### [Problem details]
Restate the entries below in full, exactly as they read, but without pictures.

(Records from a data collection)

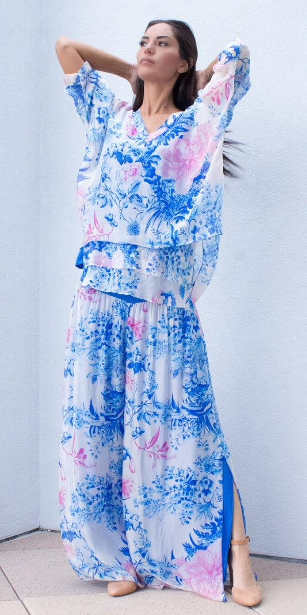 The Jasmin Peonia Slit Pant combines Italian elegance with modern detailing. Designed with an elastic waistband and side slit hem, these pants offer comfort and ease of movement. The vibrant royal-blue and pink garden print with peony flowers adds a playful, sophisticated touch. Perfect for pairing with the Diana Peonia Blouse or styling on their own for a standout look.
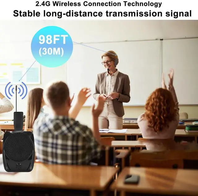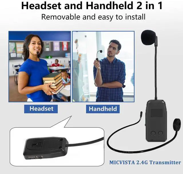 2.4G Wireless TransmitterAdopted adavanced 2.4G wireless transmission technology.The wireless headset microphone system is easy to pair,just turn on the transmitter and receiver power switchers,the blue light will flash for appoximately 2s,indicator light stops flashing after succesful match ,and then you can use the wireless headset microphone for vouce amplification ,no further action.
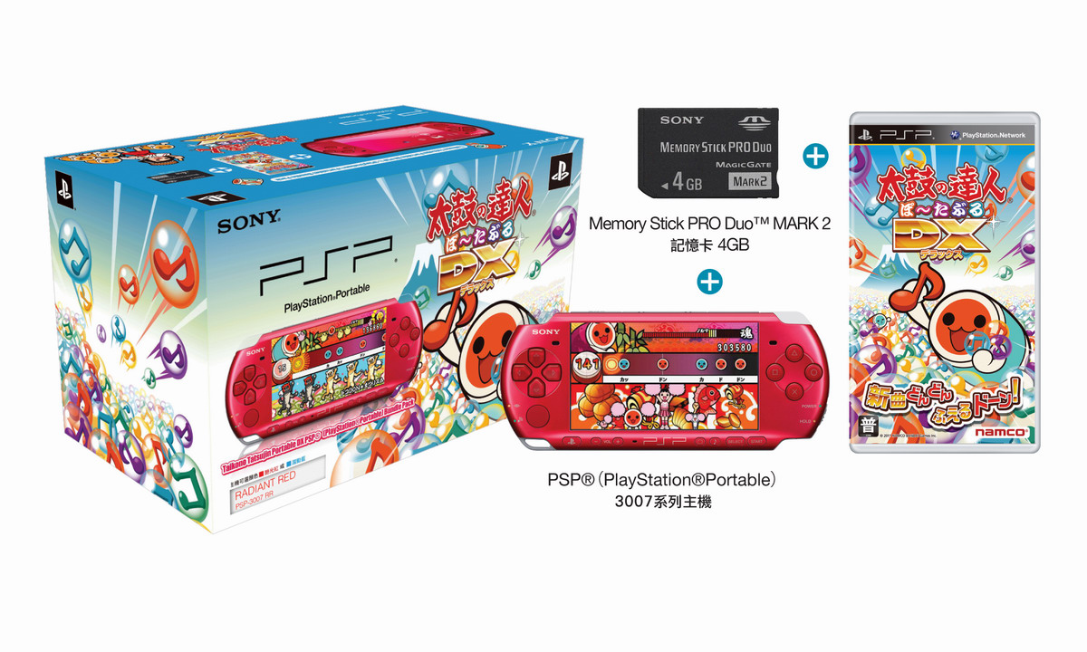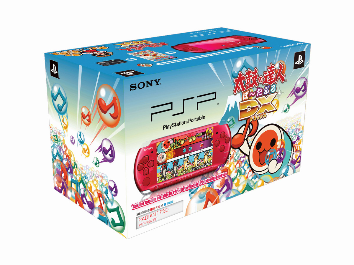 太鼓之達人 攜帶版 DX》同梱組,內含 PSP 主機(PSP-3007 型,艷光紅 / 躍動藍)1 台、PSP《
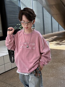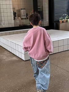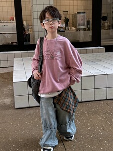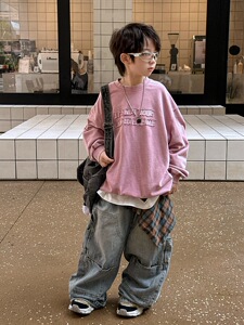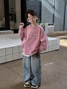 新尔2025秋季新款字母贴布绣炒洗做旧圆领卫衣儿童毛圈上衣男童潮
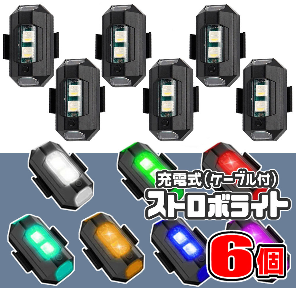 > 【6個セット】 LED 7色 ストロボライト フラッシュランプ ★ USB充電式 充電ケーブル付 / 配線不要 / 7色のLED点滅発光
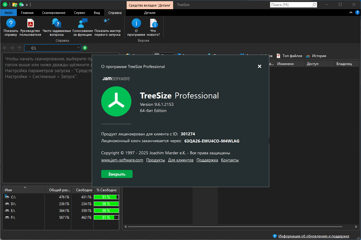 Мониторинг дискового пространства TreeSize Professional 9.6.1.2153 by elchupacabra
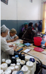 Attività generatrici di reddito:consegnato materiale a 30 detenuti per lavori d’artigianato( lana,tessuti,sacchi….).
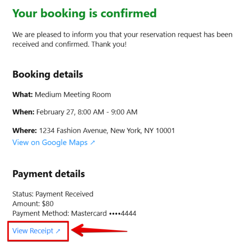 Сustomers can access their receipt on the Confirmation screen and in the email sent after booking:
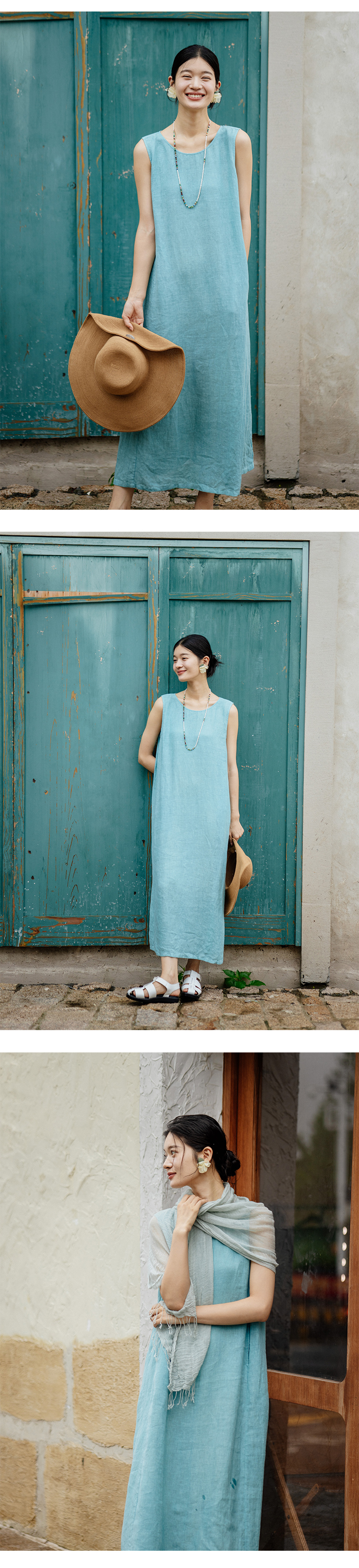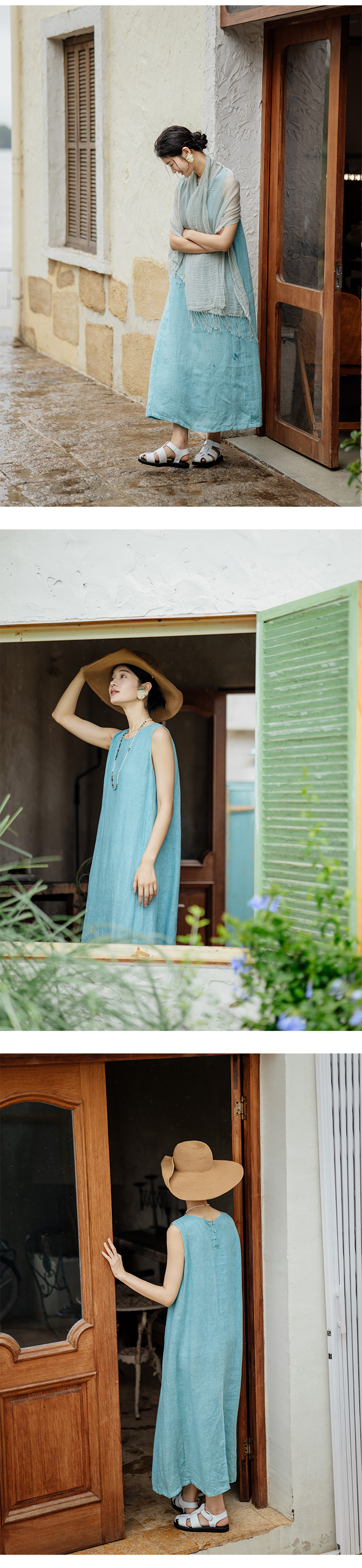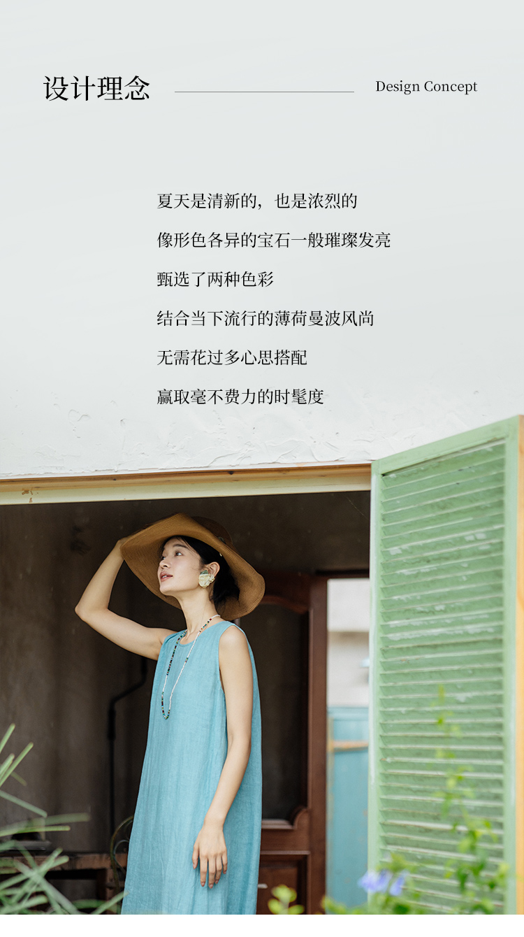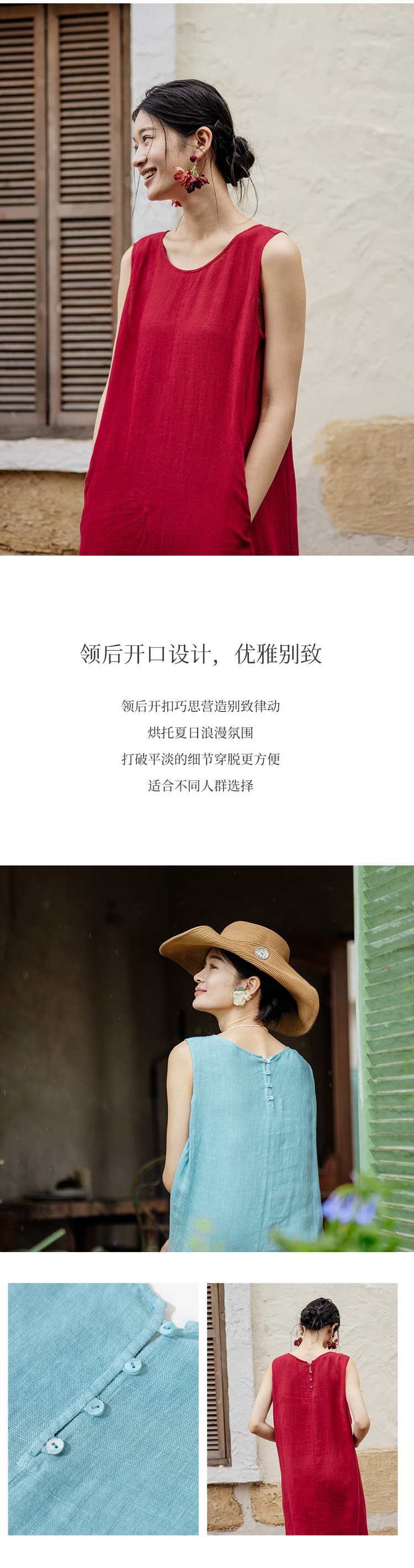 绽放旅行女装414朵/高支加捻亚麻领后开扣设计别致海边度假背心裙
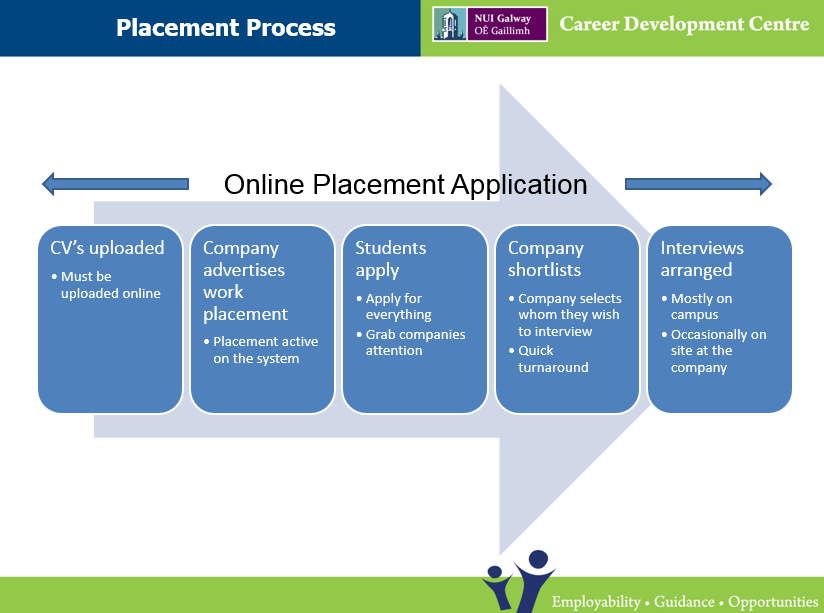 Ba cheart gur eispéireas spreagúil agus taitneamhach é dul ar shocrúchán oibre, a thabharfaidh do dhúshlán agus a thabharfaidh deis d’fhorbairt phearsanta. Cé go bhféadfadh cuma scanrúil a bheith ar an bpróiseas, is é an dea-scéala ná go n-oibríonn an tIonad Forbartha Gairmeacha go dlúth leis na Seirbhísí Tacaíochta Míchumais in Ollscoil na Gaillimhe chun a chinntiú go dtugtar tacaíocht do mhic léinn faoi mhíchumas, a bhfuil riochtaí sláinte coirp nó meabhairshláinte leanúnacha, nó deacrachtaí foghlama ar leith acu.

### [Response below]
 The Jasmin Peonia Slit Pant combines Italian elegance with modern detailing. Designed with an elastic waistband and side slit hem, these pants offer comfort and ease of movement. The vibrant royal-blue and pink garden print with peony flowers adds a playful, sophisticated touch. Perfect for pairing with the Diana Peonia Blouse or styling on their own for a standout look.
 2.4G Wireless TransmitterAdopted adavanced 2.4G wireless transmission technology.The wireless headset microphone system is easy to pair,just turn on the transmitter and receiver power switchers,the blue light will flash for appoximately 2s,indicator light stops flashing after succesful match ,and then you can use the wireless headset microphone for vouce amplification ,no further action.
 太鼓之達人 攜帶版 DX》同梱組,內含 PSP 主機(PSP-3007 型,艷光紅 / 躍動藍)1 台、PSP《
 新尔2025秋季新款字母贴布绣炒洗做旧圆领卫衣儿童毛圈上衣男童潮
 > 【6個セット】 LED 7色 ストロボライト フラッシュランプ ★ USB充電式 充電ケーブル付 / 配線不要 / 7色のLED点滅発光
 Мониторинг дискового пространства TreeSize Professional 9.6.1.2153 by elchupacabra
 Attività generatrici di reddito:consegnato materiale a 30 detenuti per lavori d’artigianato( lana,tessuti,sacchi….).
 Сustomers can access their receipt on the Confirmation screen and in the email sent after booking:
 绽放旅行女装414朵/高支加捻亚麻领后开扣设计别致海边度假背心裙
 Ba cheart gur eispéireas spreagúil agus taitneamhach é dul ar shocrúchán oibre, a thabharfaidh do dhúshlán agus a thabharfaidh deis d’fhorbairt phearsanta. Cé go bhféadfadh cuma scanrúil a bheith ar an bpróiseas, is é an dea-scéala ná go n-oibríonn an tIonad Forbartha Gairmeacha go dlúth leis na Seirbhísí Tacaíochta Míchumais in Ollscoil na Gaillimhe chun a chinntiú go dtugtar tacaíocht do mhic léinn faoi mhíchumas, a bhfuil riochtaí sláinte coirp nó meabhairshláinte leanúnacha, nó deacrachtaí foghlama ar leith acu.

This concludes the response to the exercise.